Arkane Antics

When it came to this blog post I wasn’t sure what to write as I didn’t have much time to plan this one. I’ve had a tough week working long days and driving long hours. The first sign that it’s CHRISTMAS!

This year has been all about pushing it and I am pleased to say that I already have my first goal for 2020. I have been asked by the Pentacle Magic Club in Cambridge to lecture for them next February. I decided that the best thing to focus on would be something recent.

My journey in to close up magic and my Magic Castle act.

Alongside the lecture, I was thinking it would be good to write a set of lecture notes. for two reasons.

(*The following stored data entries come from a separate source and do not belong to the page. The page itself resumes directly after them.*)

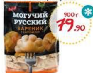
Вареники МОГУЧИЙ РУССКИЙ с картофелем
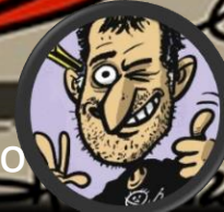
Ilustración de: Luis Davila @OBichero

XA TE ME ESTÁS MARCHANDO POR ONDE VIÑECHES!!
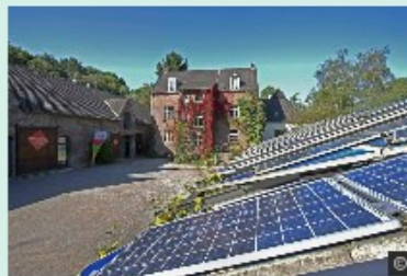
Umwelt Klimaschutz und Nachhaltigkeit → mehr

Zusätzlich dazu wurde eine neue Unterseite konzipiert, die Bebauungspläne und öffentliche Auslegungen zusammenfasst: https://www.leverkusen.de/stadt-entwickeln/planen-bauen/bauleitplaene . Diese Unterseite ist im Bereich „Stadt entwickeln“ angesiedelt.
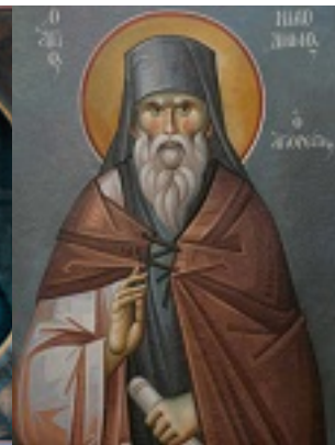
Όσιος Νικόδημος ο Αγιορείτης
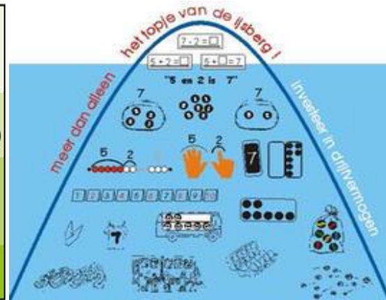
Figuur 2, ijsbergmodel

In de eerste twee fasen gaat het om (handelend) rekenen in concrete situaties. Dit is de onderste en basale fase in het handelingsmodel en geldt als voorwaarde voor het handelen en functioneren op de twee hoogste niveaus. In de fasen erna worden kennis en effectieve strategieën (met behulp van denkmodellen) vanuit de concrete situatie geabstraheerd en geautomatiseerd zodat ze herkend worden en leerlingen uiteindelijk een rekenbewerking op formeel niveau kunnen uitvoeren.

  • So that I actually know what I’m talking about and teaching.
  • So that everyone who attends the lecture who wishes to can take a memory from the lecture and perhaps take the effects home with them.

I thought writing a book was hard, think again Arkane. Creating my first lecture notes has been a challenge. A good one. Going through my act discovering the simplest way to explain the effects, learning to use appropriate technical terms for material and the hardest challenge, drawing. I asked a few magic friends some advice on whether I should make the effort and draw images or just include pictures – to my horror everyone came back saying lines drawings are better.

Win, Lose or Draw

I say horror because I haven’t drawn anything since I was 17 apart from slaying at Pictionary the game. So I got out my HB pencils, some calligraphy pens and set to work.

The results after a few hours practicing wasn’t too bad. I ended up using a combination of techniques. Line tracing so that I knew exactly where the parts of the image went and then free hand with the details.

This has been the most rewarding part of piecing together my lecture notes as I’ve found a love for something I used to do and began using it again alongside my magic.

So the journey continues. Once these images are finalised and the proof reading is complete ill move onto the next scary phase. Piecing all these materials into a pamphlet in the software, In Design.